## Data section:

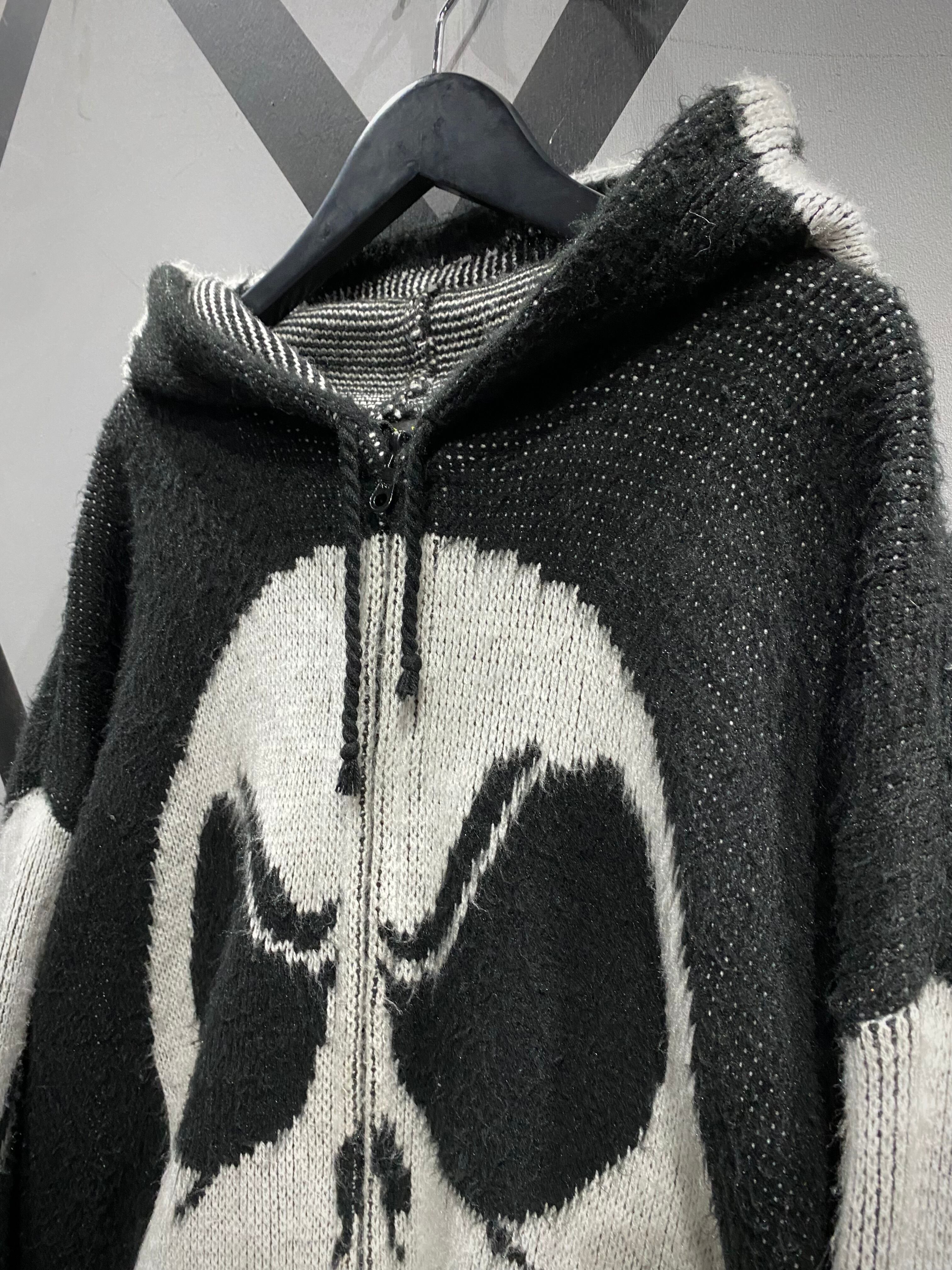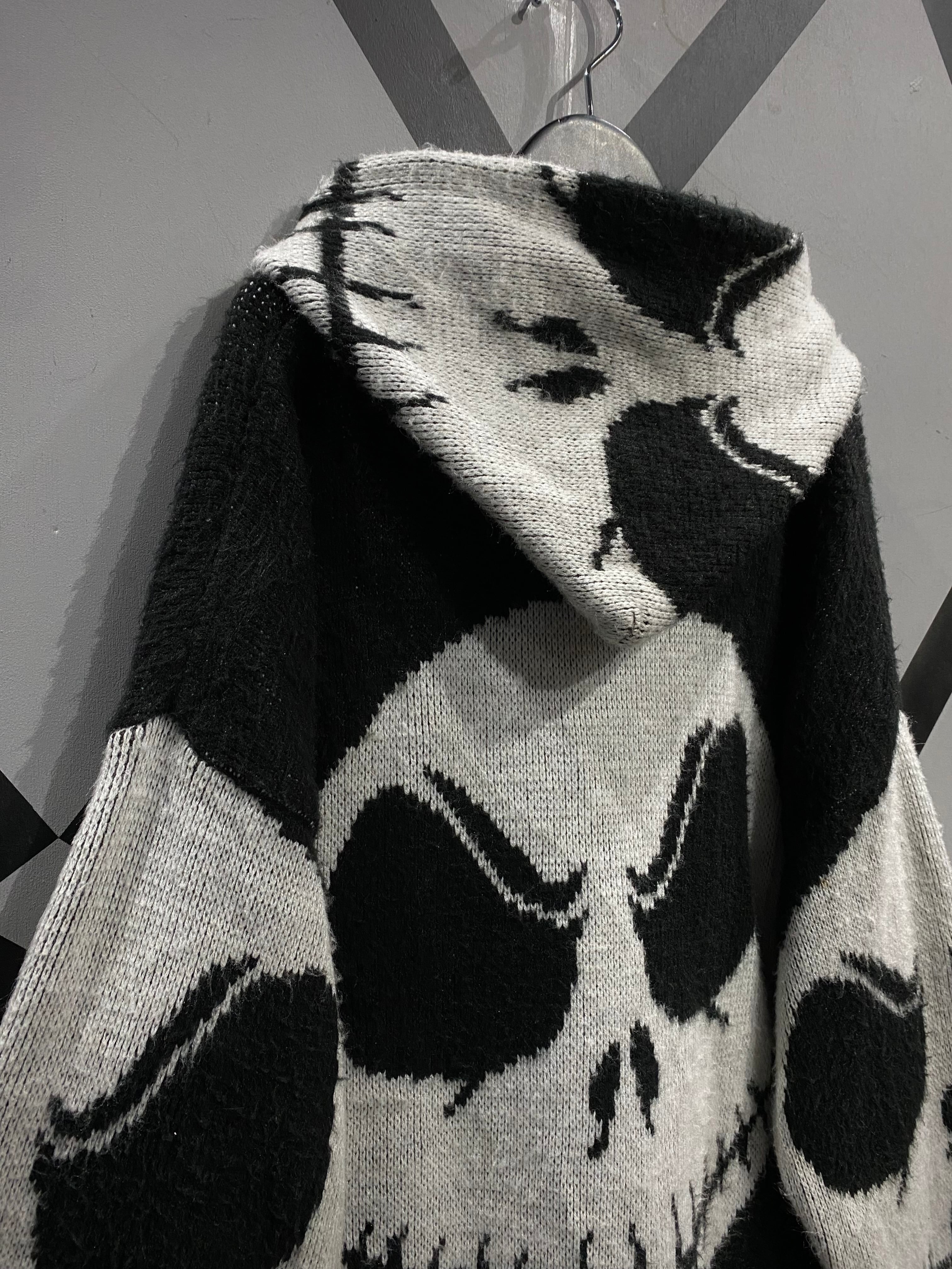 肉厚で温もりのあるニットを用い、フロント、バック、フード、スリーブに至るまで、ジャックの表情を大胆に編み立てたインパクト抜群の1着。
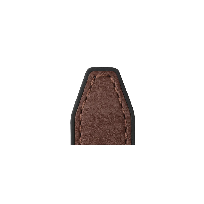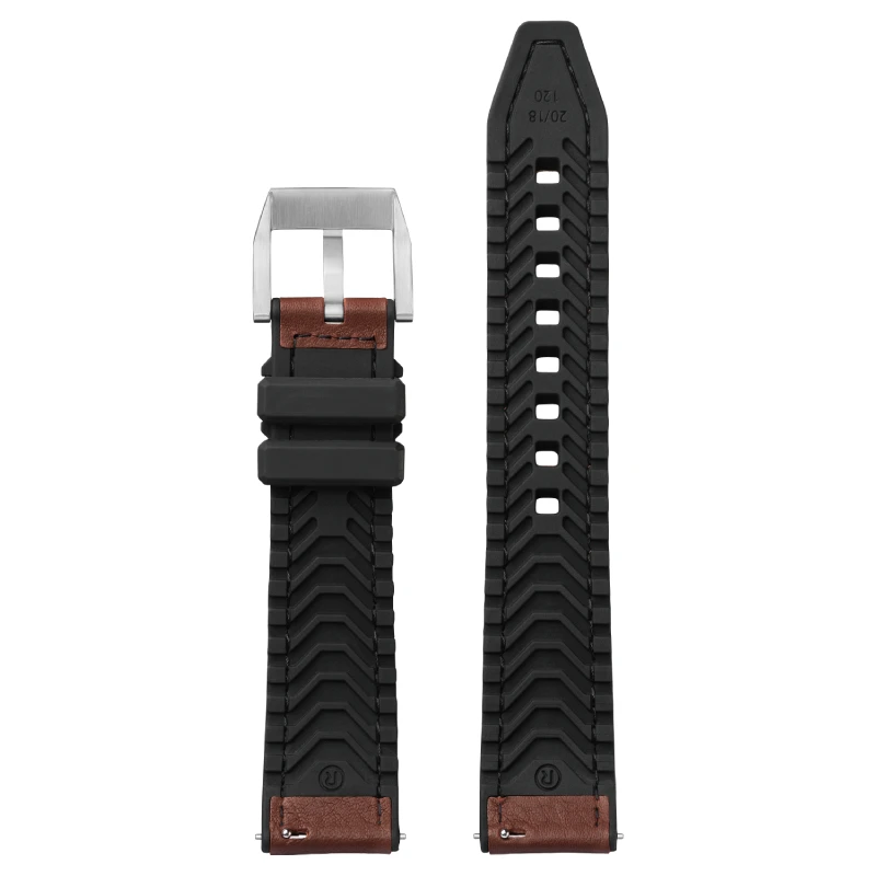 Jedro pasu je izdelano iz NBR gume, ki je oblikovana z integriranimi zračnimi kanali za odvajanje toplote in vlage. Takšna zasnova omogoča boljše zračenje notranje strani pasu in stabilen stik z zapestjem tudi pri daljšem nošenju. Zgornji del je iz bikovskega usnja polne zrnatosti, mat obdelave, z jasno vidno naravno teksturo, ki poudarja robusten in tehnično-navdihnjen značaj pasu.
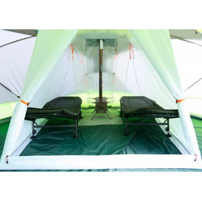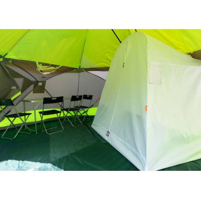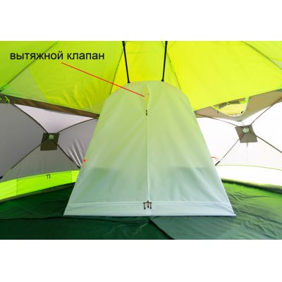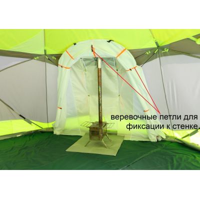 Внутренняя капсула КубоЗонт 6 – это специализированный аксессуар, формирующий двуспальную теплую комнату или банный отсек в палатке ЛОТОС КубоЗонт 6. Капсула устанавливается изнутри предварительно раскрытой палатки и крепится к специально оборудованной для этого стенке (одной из шести), оснащенной окном с универсальной системой крепления съемных элементов и приточным клапаном.
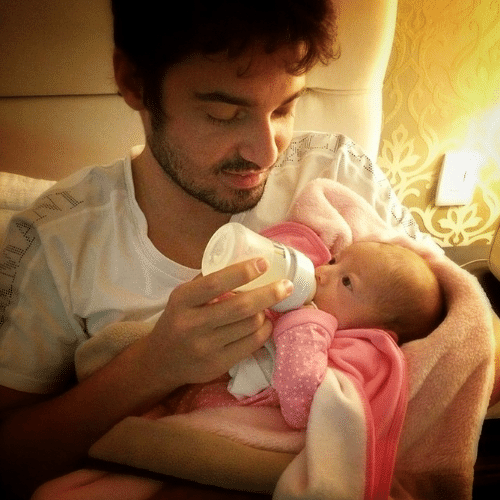 Ela saiu e eu continuei a dar a mamadeira a minha

## What is needed:
Return the whole of the material above exactly, with no picture carried over.

## Output:
 肉厚で温もりのあるニットを用い、フロント、バック、フード、スリーブに至るまで、ジャックの表情を大胆に編み立てたインパクト抜群の1着。
 Jedro pasu je izdelano iz NBR gume, ki je oblikovana z integriranimi zračnimi kanali za odvajanje toplote in vlage. Takšna zasnova omogoča boljše zračenje notranje strani pasu in stabilen stik z zapestjem tudi pri daljšem nošenju. Zgornji del je iz bikovskega usnja polne zrnatosti, mat obdelave, z jasno vidno naravno teksturo, ki poudarja robusten in tehnično-navdihnjen značaj pasu.
 Внутренняя капсула КубоЗонт 6 – это специализированный аксессуар, формирующий двуспальную теплую комнату или банный отсек в палатке ЛОТОС КубоЗонт 6. Капсула устанавливается изнутри предварительно раскрытой палатки и крепится к специально оборудованной для этого стенке (одной из шести), оснащенной окном с универсальной системой крепления съемных элементов и приточным клапаном.
 Ela saiu e eu continuei a dar a mamadeira a minha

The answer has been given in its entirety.